The SCHAEFFER Dataset - Spectromorphogical Corpus of Human-annotated Audio with Electroacoustic Features For Experimental Research
Time: Tue 2024-11-26 15.00 - 16.00
Location: Room 1E207, KMH Royal College of Music
Video link: Zoom
Language: English
Participating: Maurizio Berta, KTH, PhD Candidate in the SMC Group
Abstract
This seminar introduces the SCHAEFFER Dataset, a collection of spectromorphologically annotated sound objects. A project was developed to investigate the automatic generation and analysis of audio using Schaefferian’s type descriptions. The base assumption for this project is the absence of a dataset of this kind, thus making it impossible to utilize several machine learning algorithms on the tasks of experimental electroacoustic music. The data was collected and annotated in a crowd-sourced manner with the aid of students from the Conservatories of Turin, Genoa, Pesaro, and Bologna. Each sound object submitted was required to have a duration between 5 to 10 seconds and to be defined with a free-form description and a set of spectromorphological labels.
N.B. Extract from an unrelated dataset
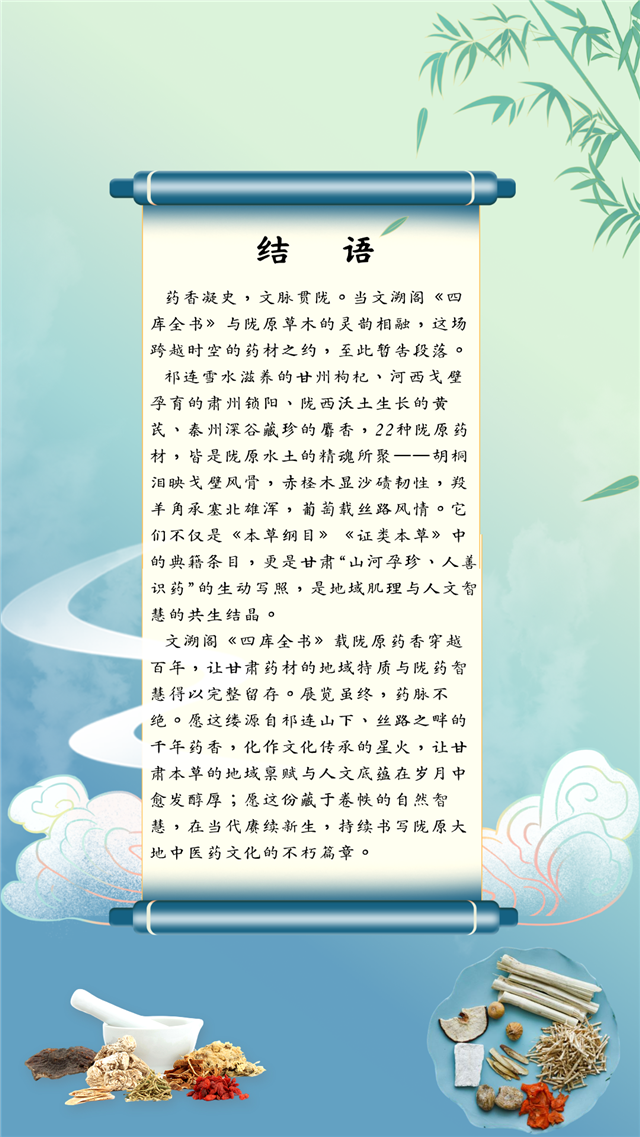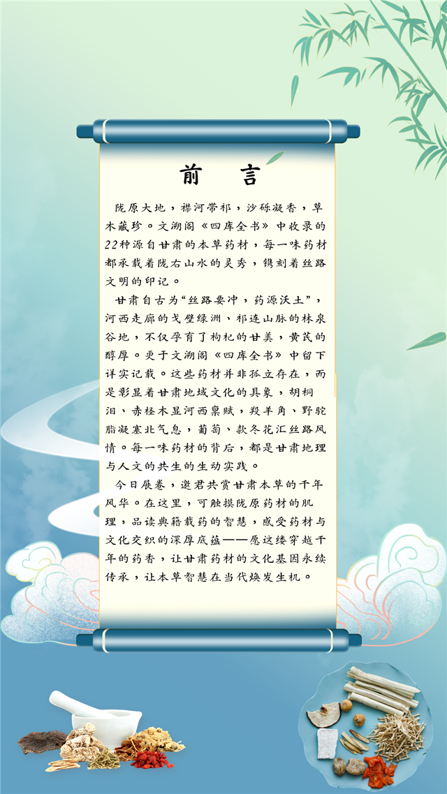 本次展览以文溯阁《四库全书》中收录的22种甘肃药材为核心依托,旨在通过多元展陈形式,结合文溯阁相关典籍中关于陇地药材的图片,系统梳理陇药的文献记载,展现陇药与中华传统医药文化、甘肃地域文化的深度交融,让观众感知陇药背后的历史厚度与文化温度,为赓续陇药文化的传承注入文化动力。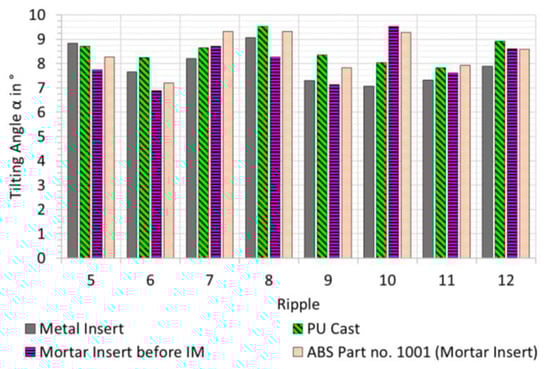 The evaluation of the corresponding ripple angles had been performed for every element under investigation: The steel insert, the PU cast, the mortar insert, and the resulting ABS part. Figure 10 shows the comparison of tilting angle of ripples 5 to 12 for each element, respectively. It can be observed that the angle of one specific ridge typically is within 1–1.5° between the four process steps. Ripple 10 is an exception to this. The PU cast generally seems to have steeper angles than the metal insert. Tilting angle seems to decrease from PU cast to the mortar insert, with the exception of ripples 7 and 10. From independent analysis of the functionality of the QR codes, we have seen that any variations of ridge angle above 5° will influence the functionality [].

The files were all released under a CC-By license to ensure rightful attribution to the dataset’s contributors. The dataset was then tested on the tasks of text-to-audio generation and automatic analysis. The crowd-sourced process allowed us to collect 788 annotated sound objects. However, this size proved to be too small, resulting in the dataset not being representative of all the classes defined within itself. Despite this issue, it was still possible to train a classifier that performed well on some metrics. However, the text-to-audio generation was only functional in generating from typological descriptions, but not from morphological phrases. This collection marks the initial steps in building datasets of sound objects. However, more data is needed to achieve a coherent data representation.